Chuck Berry, Gibson guitar, in Simon Soul : Mezcla – Les Chroniques vraies de Jack Exily, éditions Networksis, facebook.com

À tous les niveaux, il est fascinant de constater que cet artiste est confronté aux mêmes problématiques. Quelqu’un comme moi a les mêmes défis à résoudre que Chuck Berry qui était une pointure, un géant dans son domaine, véritablement un monstre sacré. Ces difficultés, il doit certainement les affronter à cause de ses choix : il sillonnait même le monde entier avec sa simple guitare. Enfin, simple, pardon, une Gibson ES-335 ! Et avec sa guitare, il prenait l’avion et allait faire des concerts, il jouait. Et il cherchait à rencontrer des accompagnateurs, entendez, d’autres musiciens dans les villes où il se produisait.
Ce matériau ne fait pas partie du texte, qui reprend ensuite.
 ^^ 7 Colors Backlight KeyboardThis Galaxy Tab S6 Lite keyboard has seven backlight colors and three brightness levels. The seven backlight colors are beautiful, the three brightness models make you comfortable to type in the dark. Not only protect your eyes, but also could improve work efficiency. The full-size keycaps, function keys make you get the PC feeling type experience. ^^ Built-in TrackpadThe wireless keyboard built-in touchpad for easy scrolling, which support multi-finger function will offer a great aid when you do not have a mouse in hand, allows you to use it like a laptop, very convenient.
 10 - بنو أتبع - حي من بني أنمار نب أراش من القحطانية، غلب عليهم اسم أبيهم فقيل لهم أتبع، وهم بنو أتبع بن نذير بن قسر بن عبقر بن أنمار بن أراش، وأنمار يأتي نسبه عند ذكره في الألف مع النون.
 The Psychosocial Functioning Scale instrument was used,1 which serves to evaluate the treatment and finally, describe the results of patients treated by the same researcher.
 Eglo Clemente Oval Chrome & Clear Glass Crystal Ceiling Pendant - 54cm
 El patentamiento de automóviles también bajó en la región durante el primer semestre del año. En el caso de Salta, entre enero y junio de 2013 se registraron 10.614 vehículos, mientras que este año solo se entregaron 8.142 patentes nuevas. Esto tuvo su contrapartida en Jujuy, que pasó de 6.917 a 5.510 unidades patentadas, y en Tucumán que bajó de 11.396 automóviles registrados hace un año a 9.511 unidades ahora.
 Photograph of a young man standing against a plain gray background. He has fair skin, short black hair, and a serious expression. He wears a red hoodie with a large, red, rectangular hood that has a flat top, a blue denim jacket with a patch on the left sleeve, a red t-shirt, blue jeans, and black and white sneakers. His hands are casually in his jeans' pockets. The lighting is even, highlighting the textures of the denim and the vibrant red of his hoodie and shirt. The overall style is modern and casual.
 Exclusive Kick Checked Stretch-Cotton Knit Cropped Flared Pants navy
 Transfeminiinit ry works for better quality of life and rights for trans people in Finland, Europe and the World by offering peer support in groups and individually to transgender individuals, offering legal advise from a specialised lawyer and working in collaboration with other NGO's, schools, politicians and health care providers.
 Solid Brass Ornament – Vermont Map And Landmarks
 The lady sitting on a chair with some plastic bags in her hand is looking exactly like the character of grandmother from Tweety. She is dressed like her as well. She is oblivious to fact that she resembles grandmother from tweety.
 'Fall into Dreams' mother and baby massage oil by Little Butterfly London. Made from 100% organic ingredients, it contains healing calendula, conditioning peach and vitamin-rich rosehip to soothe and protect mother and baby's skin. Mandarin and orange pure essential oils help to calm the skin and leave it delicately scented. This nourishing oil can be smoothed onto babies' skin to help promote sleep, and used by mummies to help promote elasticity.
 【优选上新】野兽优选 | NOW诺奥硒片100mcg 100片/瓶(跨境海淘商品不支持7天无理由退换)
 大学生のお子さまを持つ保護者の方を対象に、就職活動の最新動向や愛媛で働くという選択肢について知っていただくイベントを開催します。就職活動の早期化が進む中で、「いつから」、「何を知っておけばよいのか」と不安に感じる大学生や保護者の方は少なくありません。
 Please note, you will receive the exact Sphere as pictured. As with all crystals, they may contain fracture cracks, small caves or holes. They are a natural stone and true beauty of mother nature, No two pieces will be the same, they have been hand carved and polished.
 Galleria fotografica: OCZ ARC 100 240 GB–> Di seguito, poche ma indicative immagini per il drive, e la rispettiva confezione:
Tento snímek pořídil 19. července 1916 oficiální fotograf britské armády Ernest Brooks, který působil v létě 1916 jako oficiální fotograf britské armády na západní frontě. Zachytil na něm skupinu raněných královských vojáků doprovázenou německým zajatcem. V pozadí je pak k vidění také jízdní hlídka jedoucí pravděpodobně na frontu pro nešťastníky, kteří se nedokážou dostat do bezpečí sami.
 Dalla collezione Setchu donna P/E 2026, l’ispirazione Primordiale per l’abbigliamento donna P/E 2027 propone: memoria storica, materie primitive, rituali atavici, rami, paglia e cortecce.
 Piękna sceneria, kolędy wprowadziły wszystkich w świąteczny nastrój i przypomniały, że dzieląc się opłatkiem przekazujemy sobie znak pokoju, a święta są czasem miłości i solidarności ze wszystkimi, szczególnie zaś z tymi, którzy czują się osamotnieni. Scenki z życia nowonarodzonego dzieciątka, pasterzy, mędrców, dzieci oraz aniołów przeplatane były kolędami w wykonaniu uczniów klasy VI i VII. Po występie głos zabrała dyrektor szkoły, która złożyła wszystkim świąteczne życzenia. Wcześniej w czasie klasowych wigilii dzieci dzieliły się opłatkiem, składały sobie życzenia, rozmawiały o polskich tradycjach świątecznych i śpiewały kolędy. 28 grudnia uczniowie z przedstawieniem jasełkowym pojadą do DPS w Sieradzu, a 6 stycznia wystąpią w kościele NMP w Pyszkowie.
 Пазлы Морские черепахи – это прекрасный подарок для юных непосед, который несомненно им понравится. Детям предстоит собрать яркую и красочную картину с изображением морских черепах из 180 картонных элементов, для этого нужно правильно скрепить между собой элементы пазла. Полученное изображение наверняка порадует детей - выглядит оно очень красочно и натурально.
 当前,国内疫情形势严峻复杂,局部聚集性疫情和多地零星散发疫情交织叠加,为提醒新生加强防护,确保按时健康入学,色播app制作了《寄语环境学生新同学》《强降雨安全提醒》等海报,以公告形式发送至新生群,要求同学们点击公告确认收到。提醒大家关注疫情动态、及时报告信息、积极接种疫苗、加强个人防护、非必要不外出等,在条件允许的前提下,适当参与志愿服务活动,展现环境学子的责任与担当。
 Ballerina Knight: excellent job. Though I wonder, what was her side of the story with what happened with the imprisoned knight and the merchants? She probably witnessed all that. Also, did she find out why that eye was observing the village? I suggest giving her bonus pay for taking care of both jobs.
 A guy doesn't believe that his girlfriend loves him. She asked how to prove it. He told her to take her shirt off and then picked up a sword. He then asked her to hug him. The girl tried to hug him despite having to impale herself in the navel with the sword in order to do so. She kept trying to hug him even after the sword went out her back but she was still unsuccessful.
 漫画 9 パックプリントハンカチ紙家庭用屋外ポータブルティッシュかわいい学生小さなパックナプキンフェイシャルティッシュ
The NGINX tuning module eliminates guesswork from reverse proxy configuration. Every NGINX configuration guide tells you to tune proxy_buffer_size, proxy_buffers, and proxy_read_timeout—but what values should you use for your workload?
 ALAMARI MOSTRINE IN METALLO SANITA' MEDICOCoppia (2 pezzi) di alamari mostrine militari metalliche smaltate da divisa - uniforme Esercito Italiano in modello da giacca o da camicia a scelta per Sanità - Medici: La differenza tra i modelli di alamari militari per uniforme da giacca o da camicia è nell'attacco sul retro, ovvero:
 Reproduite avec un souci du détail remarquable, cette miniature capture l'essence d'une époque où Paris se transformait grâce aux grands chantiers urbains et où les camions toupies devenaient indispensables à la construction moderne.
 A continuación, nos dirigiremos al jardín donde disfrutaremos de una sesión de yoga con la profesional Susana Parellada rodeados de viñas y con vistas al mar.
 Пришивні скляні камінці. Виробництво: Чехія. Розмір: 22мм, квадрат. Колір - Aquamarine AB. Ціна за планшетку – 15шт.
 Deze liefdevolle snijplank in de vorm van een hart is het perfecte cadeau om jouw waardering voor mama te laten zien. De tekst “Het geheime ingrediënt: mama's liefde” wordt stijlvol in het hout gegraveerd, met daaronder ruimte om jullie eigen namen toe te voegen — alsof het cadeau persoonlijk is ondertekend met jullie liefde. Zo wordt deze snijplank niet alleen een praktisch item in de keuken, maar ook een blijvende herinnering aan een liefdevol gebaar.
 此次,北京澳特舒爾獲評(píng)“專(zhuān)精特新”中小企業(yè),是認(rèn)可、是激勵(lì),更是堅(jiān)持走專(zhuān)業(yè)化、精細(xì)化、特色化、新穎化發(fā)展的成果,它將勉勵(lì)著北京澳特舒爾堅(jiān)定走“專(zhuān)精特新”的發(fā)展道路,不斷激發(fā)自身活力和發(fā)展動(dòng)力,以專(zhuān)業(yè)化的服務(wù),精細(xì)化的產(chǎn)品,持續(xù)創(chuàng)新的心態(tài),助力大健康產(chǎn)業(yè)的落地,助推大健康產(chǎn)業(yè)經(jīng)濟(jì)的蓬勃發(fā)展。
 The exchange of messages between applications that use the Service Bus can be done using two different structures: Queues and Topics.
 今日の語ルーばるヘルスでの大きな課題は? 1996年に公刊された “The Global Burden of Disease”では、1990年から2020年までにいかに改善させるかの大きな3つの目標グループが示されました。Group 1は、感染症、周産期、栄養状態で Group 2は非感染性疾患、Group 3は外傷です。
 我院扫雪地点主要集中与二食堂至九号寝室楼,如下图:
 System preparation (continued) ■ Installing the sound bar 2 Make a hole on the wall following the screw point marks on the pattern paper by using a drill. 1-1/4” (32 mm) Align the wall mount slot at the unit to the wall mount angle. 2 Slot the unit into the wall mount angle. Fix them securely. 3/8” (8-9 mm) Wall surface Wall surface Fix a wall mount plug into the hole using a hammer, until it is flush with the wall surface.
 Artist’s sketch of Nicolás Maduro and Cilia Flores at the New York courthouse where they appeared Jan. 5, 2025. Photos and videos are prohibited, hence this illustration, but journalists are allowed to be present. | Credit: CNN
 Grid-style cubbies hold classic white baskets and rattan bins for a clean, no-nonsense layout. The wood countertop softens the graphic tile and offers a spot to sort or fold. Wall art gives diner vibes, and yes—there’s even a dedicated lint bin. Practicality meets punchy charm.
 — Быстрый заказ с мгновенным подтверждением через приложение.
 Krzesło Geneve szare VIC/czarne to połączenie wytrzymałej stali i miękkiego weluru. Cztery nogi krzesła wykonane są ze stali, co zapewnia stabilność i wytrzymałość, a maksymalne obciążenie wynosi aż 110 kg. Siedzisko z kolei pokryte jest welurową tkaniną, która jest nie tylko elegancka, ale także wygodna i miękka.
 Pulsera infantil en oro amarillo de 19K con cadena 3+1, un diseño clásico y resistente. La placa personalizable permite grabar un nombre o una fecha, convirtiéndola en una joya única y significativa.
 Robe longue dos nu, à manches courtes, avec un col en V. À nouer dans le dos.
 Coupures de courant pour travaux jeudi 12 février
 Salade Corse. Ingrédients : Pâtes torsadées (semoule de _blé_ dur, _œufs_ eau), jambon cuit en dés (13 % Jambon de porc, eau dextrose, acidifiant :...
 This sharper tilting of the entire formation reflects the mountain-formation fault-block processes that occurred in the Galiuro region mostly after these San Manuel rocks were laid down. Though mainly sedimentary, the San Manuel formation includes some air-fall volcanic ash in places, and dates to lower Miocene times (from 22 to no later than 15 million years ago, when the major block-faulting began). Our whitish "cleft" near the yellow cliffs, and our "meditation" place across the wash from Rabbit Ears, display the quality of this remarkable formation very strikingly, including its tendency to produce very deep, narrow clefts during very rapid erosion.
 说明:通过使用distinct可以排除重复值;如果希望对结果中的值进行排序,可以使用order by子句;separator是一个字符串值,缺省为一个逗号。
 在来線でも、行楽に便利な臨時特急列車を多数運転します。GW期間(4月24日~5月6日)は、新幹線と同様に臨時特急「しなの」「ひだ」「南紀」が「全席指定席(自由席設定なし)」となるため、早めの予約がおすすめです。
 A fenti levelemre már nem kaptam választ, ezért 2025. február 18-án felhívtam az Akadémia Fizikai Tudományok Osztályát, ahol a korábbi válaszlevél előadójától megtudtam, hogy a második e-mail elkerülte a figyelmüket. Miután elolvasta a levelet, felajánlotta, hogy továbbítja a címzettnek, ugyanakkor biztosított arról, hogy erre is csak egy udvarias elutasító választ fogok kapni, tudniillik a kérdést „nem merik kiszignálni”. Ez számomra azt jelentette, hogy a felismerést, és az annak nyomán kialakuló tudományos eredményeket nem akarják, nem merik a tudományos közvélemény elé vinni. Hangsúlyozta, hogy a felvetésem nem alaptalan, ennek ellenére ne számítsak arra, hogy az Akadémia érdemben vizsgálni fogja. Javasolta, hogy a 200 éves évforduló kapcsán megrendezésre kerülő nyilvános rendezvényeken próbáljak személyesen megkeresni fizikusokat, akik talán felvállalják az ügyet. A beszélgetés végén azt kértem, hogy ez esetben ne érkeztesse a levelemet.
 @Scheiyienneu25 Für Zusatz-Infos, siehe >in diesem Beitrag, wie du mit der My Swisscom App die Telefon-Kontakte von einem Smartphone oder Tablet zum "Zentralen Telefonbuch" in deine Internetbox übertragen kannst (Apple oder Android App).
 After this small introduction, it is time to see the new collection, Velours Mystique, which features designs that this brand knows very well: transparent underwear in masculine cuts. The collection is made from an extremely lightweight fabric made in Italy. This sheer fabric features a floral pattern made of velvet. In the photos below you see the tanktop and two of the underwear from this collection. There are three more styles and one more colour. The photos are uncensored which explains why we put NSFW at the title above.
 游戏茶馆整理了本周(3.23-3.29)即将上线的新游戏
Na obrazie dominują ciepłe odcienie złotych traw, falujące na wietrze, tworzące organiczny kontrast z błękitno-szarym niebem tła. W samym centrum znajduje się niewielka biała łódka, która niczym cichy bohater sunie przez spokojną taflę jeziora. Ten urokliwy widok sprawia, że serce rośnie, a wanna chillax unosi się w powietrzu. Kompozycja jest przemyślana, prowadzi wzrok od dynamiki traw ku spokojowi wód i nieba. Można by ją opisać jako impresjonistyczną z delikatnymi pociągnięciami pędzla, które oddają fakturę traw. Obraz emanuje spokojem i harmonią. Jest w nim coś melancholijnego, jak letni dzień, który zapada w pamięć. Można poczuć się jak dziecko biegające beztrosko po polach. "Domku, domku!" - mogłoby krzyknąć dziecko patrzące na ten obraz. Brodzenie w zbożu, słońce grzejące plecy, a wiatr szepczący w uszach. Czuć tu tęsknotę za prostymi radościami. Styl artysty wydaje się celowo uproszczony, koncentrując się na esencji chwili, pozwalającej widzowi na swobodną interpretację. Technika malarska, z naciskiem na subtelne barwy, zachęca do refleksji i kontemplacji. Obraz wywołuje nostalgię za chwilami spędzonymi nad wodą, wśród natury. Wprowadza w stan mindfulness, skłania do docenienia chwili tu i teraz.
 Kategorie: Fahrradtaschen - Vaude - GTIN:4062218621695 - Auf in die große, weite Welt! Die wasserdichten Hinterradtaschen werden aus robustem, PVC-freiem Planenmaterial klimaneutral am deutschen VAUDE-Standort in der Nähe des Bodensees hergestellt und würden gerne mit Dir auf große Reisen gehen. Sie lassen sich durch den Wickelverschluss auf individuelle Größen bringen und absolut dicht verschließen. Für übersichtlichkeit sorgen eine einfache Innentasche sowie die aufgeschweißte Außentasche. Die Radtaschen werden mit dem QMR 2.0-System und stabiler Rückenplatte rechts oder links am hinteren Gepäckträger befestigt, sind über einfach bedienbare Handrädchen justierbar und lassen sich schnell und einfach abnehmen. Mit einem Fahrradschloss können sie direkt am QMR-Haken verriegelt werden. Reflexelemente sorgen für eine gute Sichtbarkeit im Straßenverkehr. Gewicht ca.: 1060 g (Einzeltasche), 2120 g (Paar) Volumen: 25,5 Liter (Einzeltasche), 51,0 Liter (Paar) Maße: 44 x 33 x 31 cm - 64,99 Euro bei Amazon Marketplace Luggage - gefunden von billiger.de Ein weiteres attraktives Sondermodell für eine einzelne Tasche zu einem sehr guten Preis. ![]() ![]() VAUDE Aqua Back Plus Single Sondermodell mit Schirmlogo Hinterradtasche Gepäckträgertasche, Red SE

Il n’avait pas un staff qui résolvait ses questions logistiques. Voilà à quoi je veux en venir : inventeur du rock-and-roll, Chuck Berry n’a jamais été une rockstar, il n’a pas mené cette vie. Ce qui est intéressant aussi, c’est que les grandes rockstars l’ont toujours adulé. D’ailleurs, Keith Richards, le guitariste des Rolling Stones, a déclaré que si on devait donner un autre nom au rock-and-roll se serait Chuck Berry. On pourrait penser qu’un artiste de sa stature a eu la vie facile, en particulier, l’accès à de grandes scènes, du point de vue de la taille ou du prestige, eh bien non, il faisait plutôt le troubadour.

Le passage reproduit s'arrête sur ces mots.